AI Robotics Case - Controlling Robots with LLMs (Large Language Models)
Introduction: Controlling Robots with LLMs (Large Language Models)
In recent years, the integration of Large Language Models (LLMs) with robotic systems has emerged as a significant advancement in the field of robotics. LLMs, such as those based on Transformer architectures, provide a powerful tool for interpreting natural language commands and converting them into actionable instructions for robots. This capability bridges the gap between human operators and robots, enabling more intuitive and flexible control mechanisms. LLMs work by understanding and processing human language in a way that allows them to generate meaningful responses or instructions. When applied to robotics, these models can interpret commands given in natural language, parse the intent, and map this intent to specific actions that the robot can execute. In summary, controlling robots with LLMs represents a promising approach that leverages the capabilities of advanced language models to simplify and enhance human-robot interaction. By enabling robots to understand and act on natural language commands, this technology has the potential to make robotic systems more accessible and easier to operate in various applications.

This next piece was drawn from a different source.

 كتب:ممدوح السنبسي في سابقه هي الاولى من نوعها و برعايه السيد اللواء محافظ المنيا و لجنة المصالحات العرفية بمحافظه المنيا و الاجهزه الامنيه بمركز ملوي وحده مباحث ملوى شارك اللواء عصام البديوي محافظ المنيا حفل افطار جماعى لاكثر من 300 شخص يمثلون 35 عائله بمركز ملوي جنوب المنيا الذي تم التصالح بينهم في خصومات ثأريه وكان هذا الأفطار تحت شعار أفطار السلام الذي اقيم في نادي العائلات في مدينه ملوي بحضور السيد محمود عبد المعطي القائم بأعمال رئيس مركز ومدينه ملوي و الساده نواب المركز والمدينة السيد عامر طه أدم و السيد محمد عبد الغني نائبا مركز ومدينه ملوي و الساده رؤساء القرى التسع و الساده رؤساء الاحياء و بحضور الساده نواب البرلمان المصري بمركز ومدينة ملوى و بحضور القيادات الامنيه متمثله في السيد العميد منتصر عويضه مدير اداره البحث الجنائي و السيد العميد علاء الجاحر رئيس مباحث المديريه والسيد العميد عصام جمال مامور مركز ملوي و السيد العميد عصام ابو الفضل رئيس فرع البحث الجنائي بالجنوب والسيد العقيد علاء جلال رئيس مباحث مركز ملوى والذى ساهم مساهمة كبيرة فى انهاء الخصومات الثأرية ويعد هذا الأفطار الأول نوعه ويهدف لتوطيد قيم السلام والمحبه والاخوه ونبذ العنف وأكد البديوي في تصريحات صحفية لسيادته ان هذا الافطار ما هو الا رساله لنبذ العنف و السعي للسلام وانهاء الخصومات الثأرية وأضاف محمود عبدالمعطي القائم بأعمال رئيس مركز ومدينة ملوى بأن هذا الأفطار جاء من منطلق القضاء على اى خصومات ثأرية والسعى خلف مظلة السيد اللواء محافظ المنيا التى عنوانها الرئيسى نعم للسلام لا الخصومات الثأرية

The AI (LLM) based codes generally requires a high-level sensory inputs and motion control structure, where ACROME's Smart Motion Devices (SMD) are very suitable for this purpose. SMD ecosystem provides a high-level, low-latency and an optimized command structure to control the electromechanical parts of a robotic system. This enables the AI generated code to operate seamlessly and reduces the back-end tasks of a programmer for combining the human-prompt commands into robot commands such as "move forward", "turn-left", "turn 60 degrees", "move at 5 km/h", "move until you see an obstacle", etc.
In the next sections, we will briefly explain the components of the solution and will provide real-world example applications for a human prompted robotic motion execution.

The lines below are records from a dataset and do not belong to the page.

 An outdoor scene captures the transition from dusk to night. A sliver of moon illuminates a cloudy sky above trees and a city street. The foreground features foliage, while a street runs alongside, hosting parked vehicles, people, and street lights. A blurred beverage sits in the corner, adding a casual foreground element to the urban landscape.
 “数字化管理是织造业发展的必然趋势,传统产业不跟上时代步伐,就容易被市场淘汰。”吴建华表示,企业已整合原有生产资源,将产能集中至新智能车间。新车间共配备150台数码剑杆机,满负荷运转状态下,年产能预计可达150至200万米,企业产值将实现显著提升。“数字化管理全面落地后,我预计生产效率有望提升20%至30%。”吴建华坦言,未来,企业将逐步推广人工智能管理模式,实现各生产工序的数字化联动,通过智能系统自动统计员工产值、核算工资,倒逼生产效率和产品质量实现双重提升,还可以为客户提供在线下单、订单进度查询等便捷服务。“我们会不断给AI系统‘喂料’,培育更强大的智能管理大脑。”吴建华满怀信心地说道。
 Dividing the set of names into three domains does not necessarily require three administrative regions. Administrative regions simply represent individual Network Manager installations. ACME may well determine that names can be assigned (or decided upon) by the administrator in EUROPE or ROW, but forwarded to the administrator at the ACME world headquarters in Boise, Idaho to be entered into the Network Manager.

What is an LLM (Large Language Model)?
A Large Language Model (LLM) is a type of artificial intelligence (AI) model designed to understand, generate, and manipulate human language. These models are built using deep learning techniques, particularly based on architectures such as Transformers, which allow them to process and generate text with a high degree of fluency and coherence. Examples of real-world LLMs include ChatGPT (from OpenAI), Gemini (Google), Llama (Meta), and Bing Chat (Microsoft). GitHub's Copilot is another example, but for coding instead of natural human language.

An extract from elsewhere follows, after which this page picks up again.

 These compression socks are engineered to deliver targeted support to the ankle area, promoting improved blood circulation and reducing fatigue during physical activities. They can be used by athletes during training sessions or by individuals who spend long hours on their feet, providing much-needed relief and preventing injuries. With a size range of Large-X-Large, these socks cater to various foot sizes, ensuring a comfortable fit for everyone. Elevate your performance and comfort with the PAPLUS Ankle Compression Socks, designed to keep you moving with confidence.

Applications of LLMs (Large Language Models)
Large Language Models (LLMs) are versatile tools used across various fields due to their ability to understand and generate human language. In customer support, they power chatbots and virtual assistants, enabling more natural and effective interactions. In content creation, LLMs generate and edit text, making them valuable for writing, summarizing, and creative tasks. They also enhance machine translation by providing more accurate and context-aware translations. In fields like e-commerce and streaming, LLMs drive personalized recommendations by analyzing user behavior. Additionally, LLMs are crucial in coding, where they assist in generating code snippets and debugging, as well as in legal and medical fields for document analysis and summarization. Their applications extend to education, where they provide personalized tutoring and content generation, and robotics, where they enable natural language control of machines. Overall, LLMs are integral in improving efficiency and accuracy in a wide range of tasks.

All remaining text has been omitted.